▸ **WORK ORDER**:
From the data below, return only the lines from the one with "置賜地方の田んぼにもたくさんの白鳥たちが飛来してきます。" through the one with "White Summer Dri-Fit", exact and inclusive, with pictures left out.

Dataset items
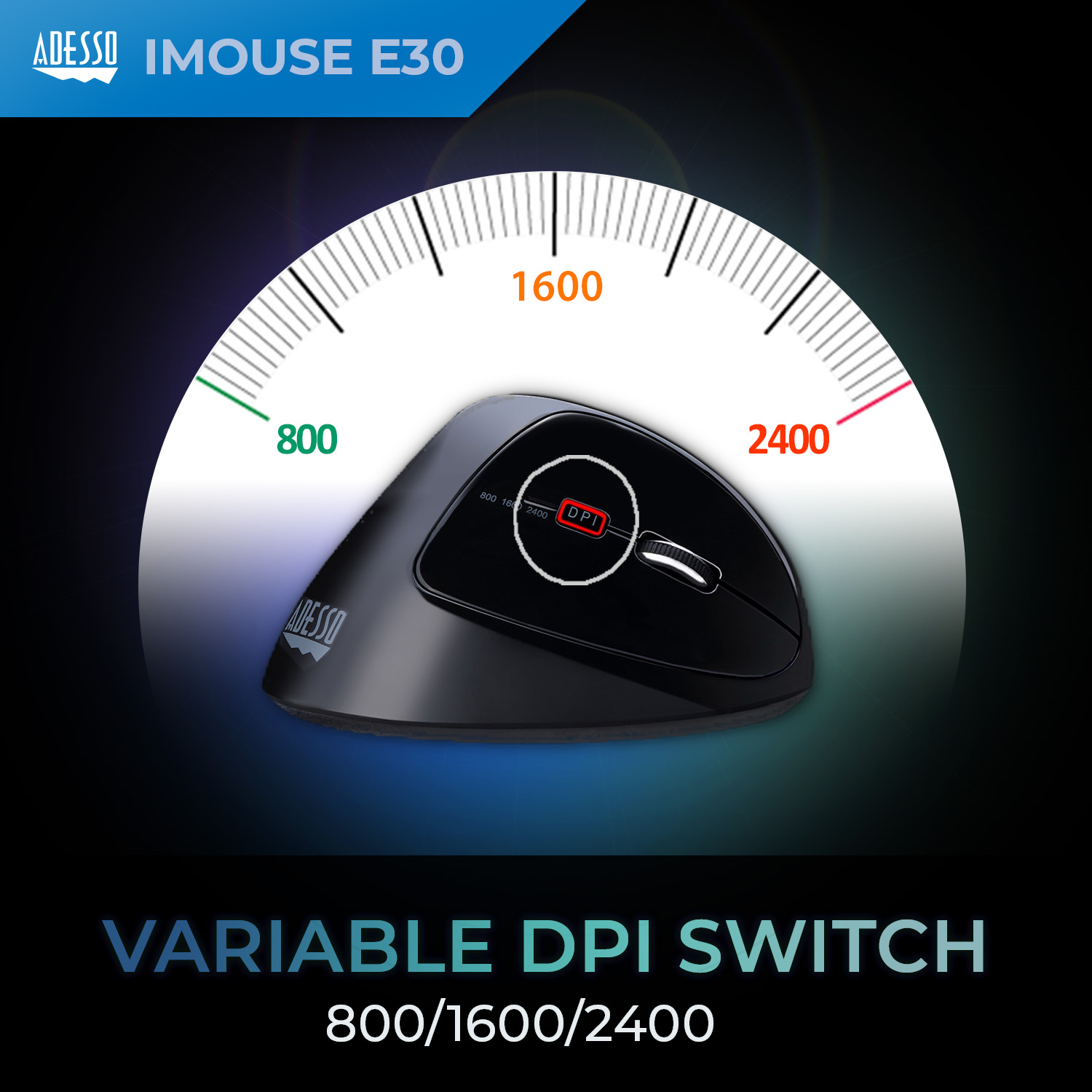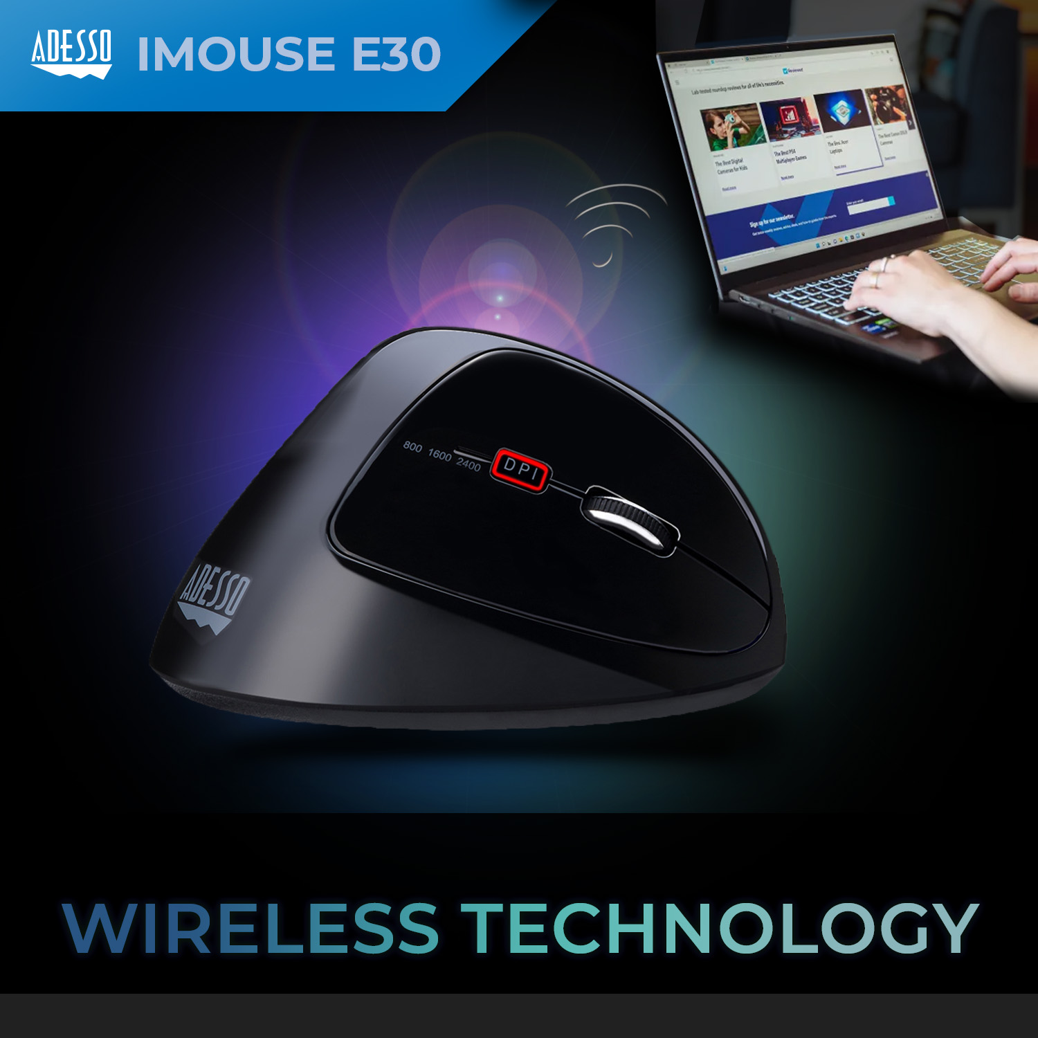 2.4 GHz Wireless Vertical Programmable Mouse With 2.4 GHz Radio Frequency technology, the Adesso® iMouse™ E30 Wireless Vertical Righthanded Ergonomic Mouse provides you with wireless convenience and the freedom of a smooth connection for up to a 30-foot range without tangled cables. This ergonomic mouse is designed with a vertical orientation and a contoured shape that provides a uniquely comfortable user experience. With this wrist-friendly contour support, you will hold your hand in a healthy “handshake position” which is the neutral position of your forearm as opposed to the “twisted forearm” position as with a regular mouse. Two internet buttons are conveniently located on the side of the mouse for Back and Forward page browsing. The switchable DPI button on the top provides multiple levels of mouse cursor speed that is useful in different environments. The advanced Optical Sensor technology keeps the mouse precisely on point and lets you work on most glass, wood, marble, and leather surfaces without a need of a mouse pad. Finally, the iMouse E30 is Plug and Play and requires no drivers. Simply plug the USB Receiver into any available USB port and be ready to enjoy the freedom of a comfortable and wireless mouse experience! 2.4 GHz RF Wireless Technology with On/Off Switch This mouse works at any angle with a range of up to 30 ft. with no wires to get tangled. The On/Off switch helps conserve battery power plus the low battery indicator helps you know when it is time to change batteries. Programmable Driver Adjust and customize your iMouse E30 to your liking to enhance your gaming experience with the included Programmable Driver. Easy to install, and navigate through, within the driver menu, adjust anything from mouse colors, to blinking speed, to assigning commands (macros) , extending your DPI speed up to 4800 DPI, and reprogramming buttons with a few simple steps. Ergonomic Vertical Design Our vertical ergonomic design helps you achieve a more natural grip, better support, and natural wrist position. With our sleek design and added support, the Adesso Vertical Ergonomic iMouse E30 is perfect for long hours of use. Adjustable 3 Level DPI Switch (800 / 1600 / 2400) Attain higher precision and better accuracy with your choice of 3 DPI levels. Easily switch from three different DPI levels which change color depending on the level chosen. From 800 (green),1600 (blue) and 2400 (red) the easily-accessible DPI button lets you quickly switch between the various computer tasks you partake throughout the day. Reduces Carpal Tunnel Syndrome (CTS) The wrist-friendly contour of the Adesso vertical mice allows you to hold your hand in a neutral “handshake position”, minimizing your forearm muscles from twisting and the possible development of Carpal Tunnel Syndrome. Normally, your forearm muscles are twisted from sitting flat on the supporting surface when using a regular mouse. This “flat position” causes strains on your muscles and leads to wrist pains. This is where the Adesso Vertical Mice become helpful and provide alleviation.
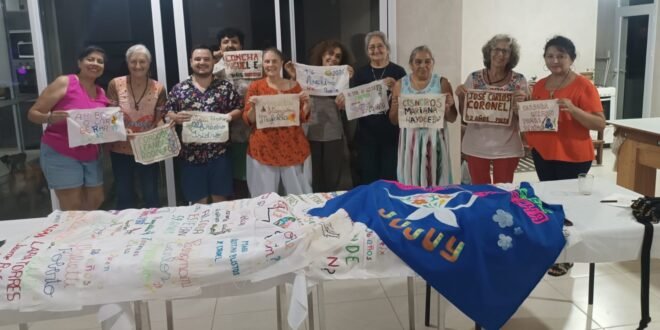 Fueron dos las banderas que se armaron con los nombres de los 145 desaparecidos de Jujuy. La primera viajó a Buenos Aires, donde se va a sumar al enorme paño que acompañará la movilización del martes. La segunda será protagonista de la vigilia de la noche del 23 en la plaza Belgrano y de la marcha que saldrá al día siguiente del Parque de la Memoria y llegará hasta el centro de la ciudad.
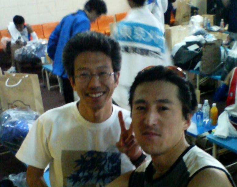 再び、アップ用に服を着替える。スタート45分くらい前になるとみんなアップのためにトラックに出るので、自分も出て一応ジョグをする。トラック内でも結構風が強い。5周くらい走ったところでやめる。適当にストレッチしていると、高岡選手がアップをしていた。レースでは絶対に一緒に走れないので、このときとばかりに彼の後についてアップをする。(このときに私のウィンドブレーカがTVに映ったようだ)携帯で写真を撮ろうと思ったがさすがにやめた。1周付いたところで終了。さすがにアップも早い。以前福岡国際の時に早田(俊幸)選手のアップに付こうと思ったが、あまりに速すぎてつけなかったのを思い出した。
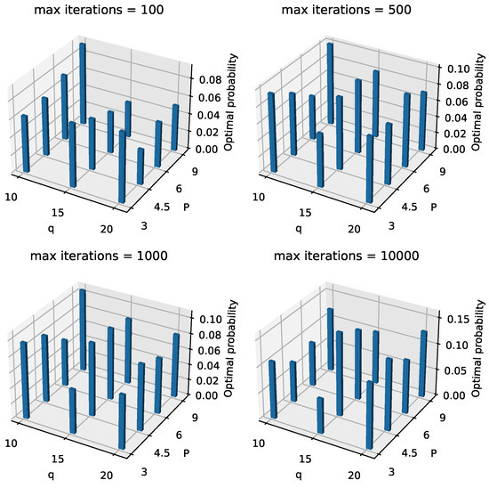 Landscape of optimal probabilities of different q, P, and maximum iterations when = 0.3.
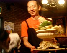さあ!今日も、前向きにいってみましょう! 今日は夕方から、前向きなお友だち、つっくんオススメの、「ウナギの白焼きをオイシく食べよう会」っつうのを、仕事場一階にある喫茶店のご好意で実行した。前々から話しには聞いておった独特な食べ方らしいので、ソレならば、オイシく食べるついでに、おご馳走になるこっち側としても、ナニがしか用意せねばなるまいぞ。というコトで、チト高めの白ワインを調達してくるのであった。 ↑シャブリ。。前向き野郎は、白ワインっつうのはあんまし飲まないけども、ウナギの白焼きには、赤よか白でしょう。。と、酒屋のオヤジにダマされて(笑)こんな高い白ワインをつい、買っちまった。で、早速おっ始めるコトに‥。 ↑お皿に盛られた、けっこう高いウナギの白焼き。と、そのバックにある大葉とワサビ漬けにご注目。。この脇役たちが、独特な食べ方のサポートをしてのけてくれるらすぃ。とりあえず、せっかくの高級白焼きであるからして、レンジでチン!よか、チャンと、蒸すコトになった。下の喫茶店のオーナーさんが自ら持参してくれた、キャンプ用の万能鍋。と、切って並べた、スゲェ高い、白焼き。。 ↑コレね。で、 ↑蒸し上がり。。で、コレをどうやって食べるか‥というと、 ↑このようにするのであった。大葉に、蒸し上がった白焼きを乗っけて、ワサビ漬けを塗り、ポン酢につけて食す。。↑(モデル:つっくん)前向き野郎も見よう見まねでやってみた。熱チっ!熱チチチぃ~!蒸し立てであるからして、大葉に乗っける時、気をつけないとヤケドするのだ。↑(遅かったが‥)で、ヒトクチ、頬張ってみた。ウっ!ウぅ‥
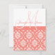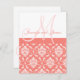 Elegant Monogram, Names Coral Damask RSVP Cards to match the 5 x 7 inch Wedding Invitation design in our store . RSVP Card Monogram and Names Layout and Design by Elke Clarke © 2008, 2009, 2010. Damask Pattern Licensed.com and WhiteWhimsicalWeddings.blogspot.com. Customise with your monogram names and wedding colours. Add all your wedding RSVP information on the back of the card using Zazzle's easy to use menu prompts.
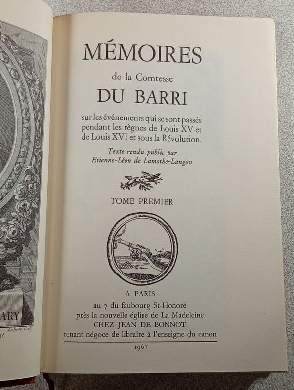 1967, chez Jean de Bonnot, 2 volumes in-8 de 362 et 408 pages, reliures plein cuir d'éditeur, dorures, deux premiers tomes (sur 5) des mémoires de la Comtesse du Barri sur les évènements qui se sont passés pendant les règnes de Louis XV et de Louis XVI et sous la révolution. texte rendu public par Etienne-Léon de Lamothe-Langon | Etat : Bon état général, haut du 1er volume légèrement déformé (Ref.: ref97006)
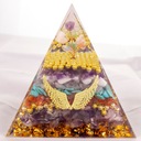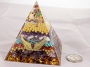 Piramidka orgonitowa z Ametystem, Agatem Białym, Turkusem, Jaspisem Czerwonym, Awenturynem Zielonym, Miedzianym Drzewkiem, Białym Kryształem i symbolem Złote Skrzydła Anioła.
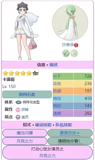 卡露妮与沙奈朵:作为妖精系的老牌输出手,妖精系长期以来都缺乏顶尖强者。不过今年玛机雅娜登场后,其他妖精系宝可梦和它的实力差距被拉得很大。主打攻击的沙奈朵自然也就没什么出场优先级了。虽说它的被动能提升招式威力,但受限于mega形态的拍招机制,输出能力其实相当低。要是你没抽到玛机雅娜,我更建议你考虑抽妮莫的吼叫尾,而非自选沙奈朵。推荐指数:★
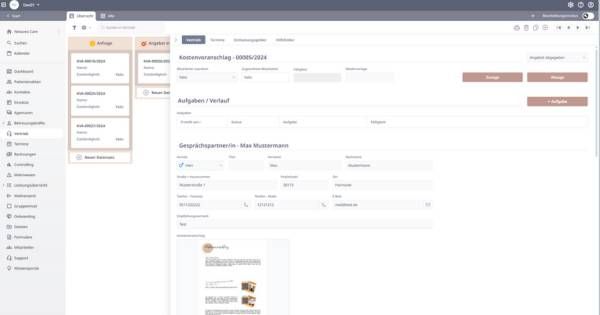 Organisiere und optimiere Deine Vertriebsaktivitäten. Behalte den Überblick über die Kundenakquise, erstelle vollautomatisch Angebote und schließe diese mit Hilfsfunktionen ab.
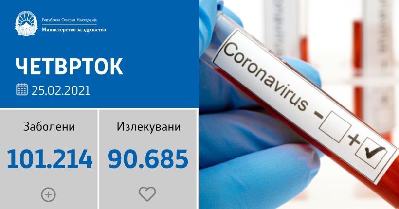 Вкупната бројка на КОВИД-дијагностицирани лица во нашата земја од почетокот на епидемијата изнесува 101.214, бројката на оздравени пациенти е 90.685, на починати е 3.111, а бројот на активни случаи изнесува 7.418.
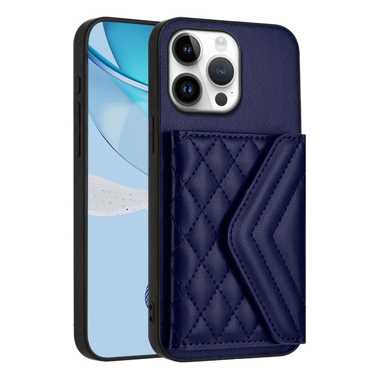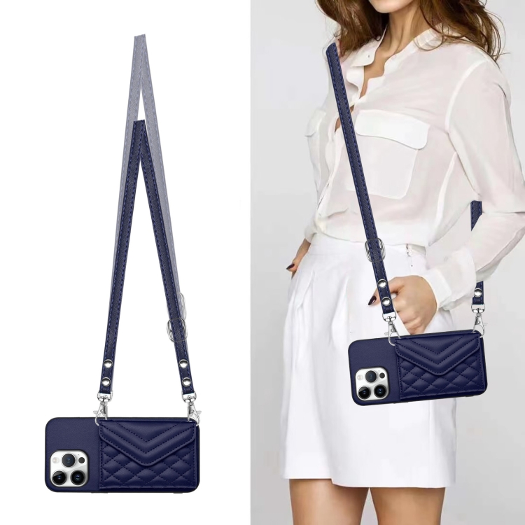 Funda para Teléfono iPhone 16 Pro Max Textura Rómbica Tarjetero Rfid Cordón Largo (Azul)
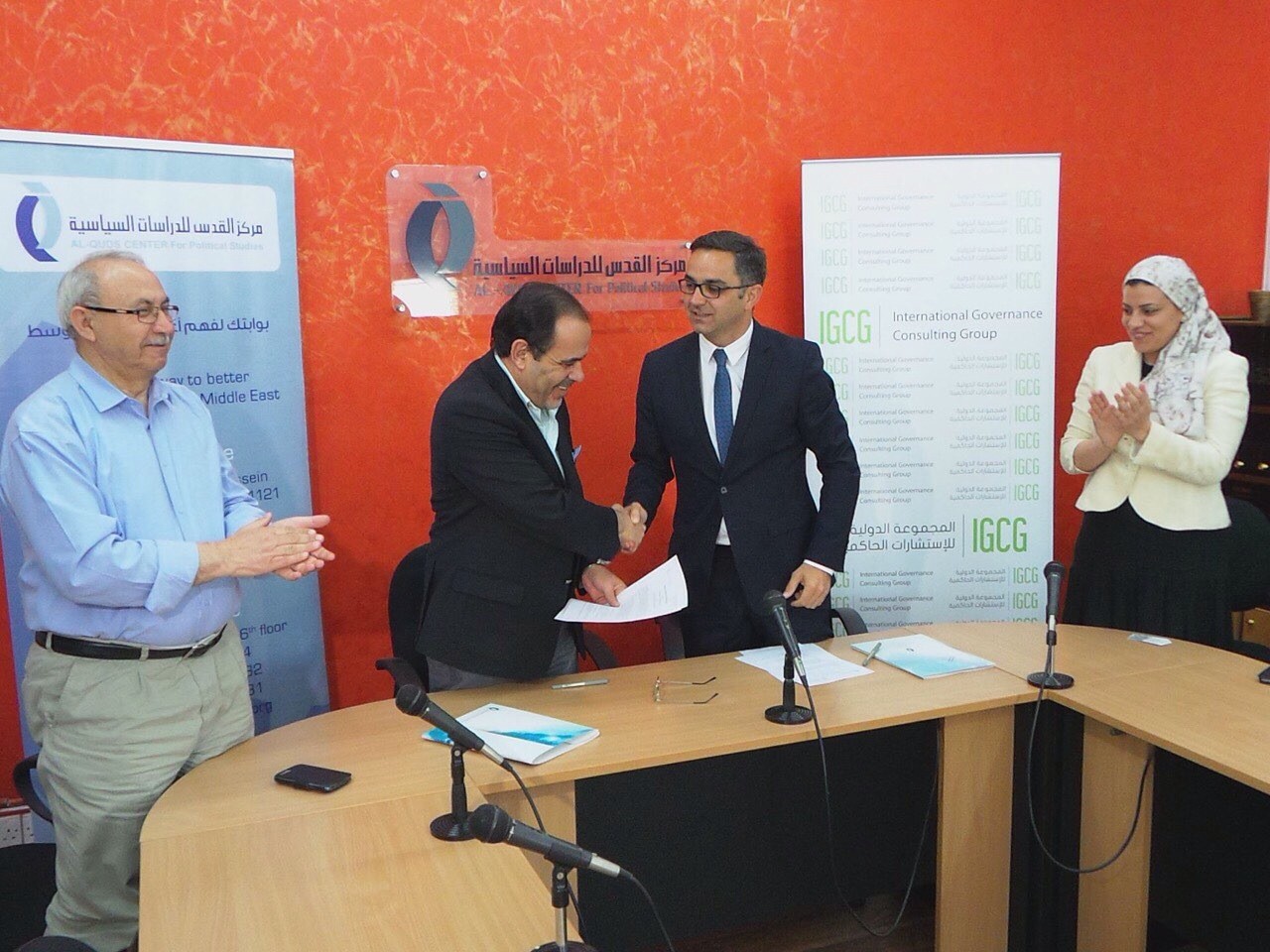 IGCG and Al-Quds Center signed a strategic partnership for Easter Europe and Middle East Inter-Cultural and Religious Dialogue. THIS Memorandum of Understanding (“MOU”), dated as of May 21, 2015, is between the International Governance Consulting Group, with head office in Prishtina, Fehmi Agani, street nr. 24/3, 10000 Prishtinë, Republic of Kosovo, hereinafter referred to as the “IGCG,” and the Al-Quds Center for Political Studies, hereinafter referred to as "Al-Quds," an independent Jordanian research institute, located at P.O. Box 213566, Amman, Jordan 11121.
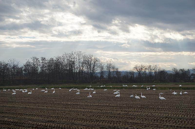 置賜地方の田んぼにもたくさんの白鳥たちが飛来してきます。
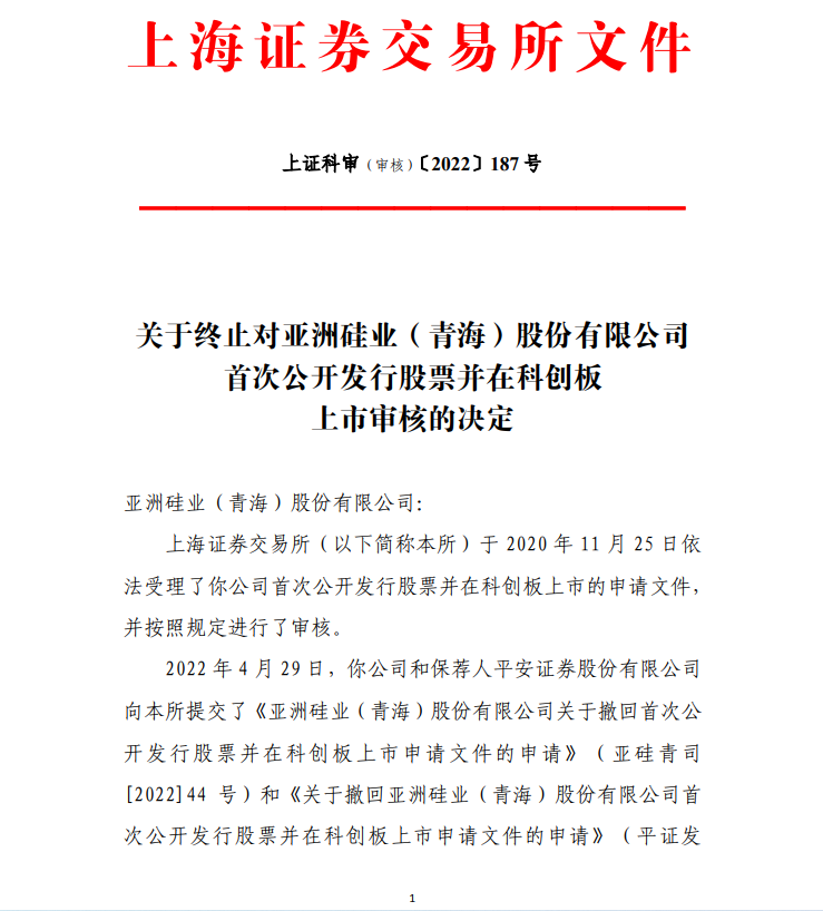 5月1日,上交所披露關(guān)于終止對亞洲硅業(yè)(青海)股份有限公司首次公開發(fā)行股票并在科創(chuàng)板上市審核的決定:4月29日,亞洲硅業(yè)(青海)股份有限公司因發(fā)行人撤回發(fā)行上市申請或者保薦人撤銷保薦。根據(jù)規(guī)定,上交所終止其發(fā)行上市審核。
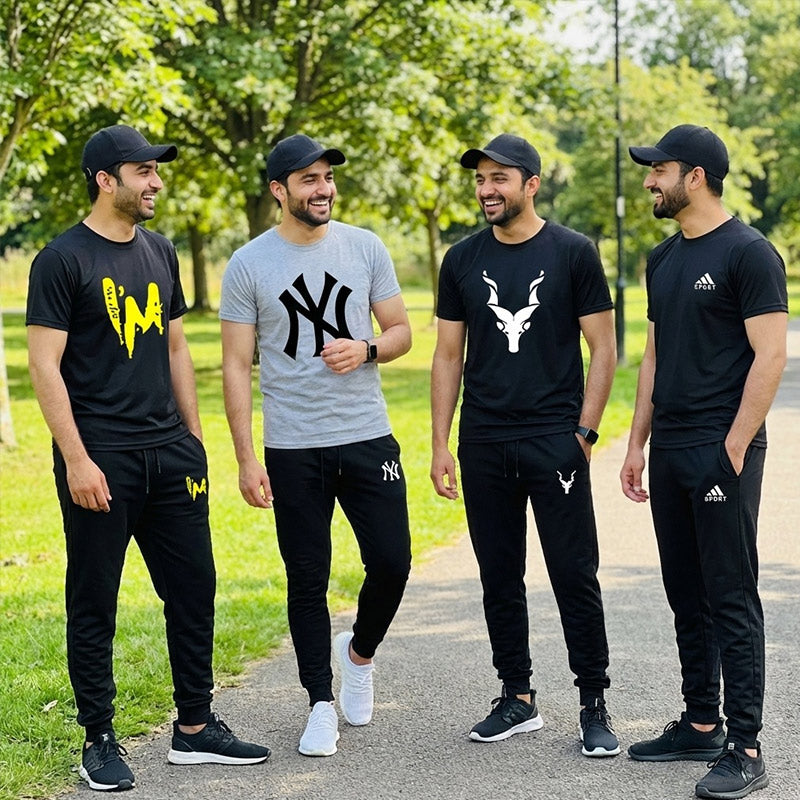 White Summer Dri-Fit Printed T-shirt+Short For Mens (Code: ST-6972)
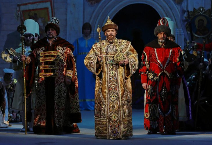 После воодушевляющей церемонии публика сосредоточилась на фестивальном спектакле «Борис Годунов». С первых же тактов зрителей захватила бессмертная музыка Модеста Мусоргского. Кстати, в 2024 году этой народной музыкальной драме исполнилось 150 лет, но каждый раз она звучит как откровение.

▸ **EXERCISE ANSWER**:
 置賜地方の田んぼにもたくさんの白鳥たちが飛来してきます。
 5月1日,上交所披露關(guān)于終止對亞洲硅業(yè)(青海)股份有限公司首次公開發(fā)行股票并在科創(chuàng)板上市審核的決定:4月29日,亞洲硅業(yè)(青海)股份有限公司因發(fā)行人撤回發(fā)行上市申請或者保薦人撤銷保薦。根據(jù)規(guī)定,上交所終止其發(fā)行上市審核。
 White Summer Dri-Fit Printed T-shirt+Short For Mens (Code: ST-6972)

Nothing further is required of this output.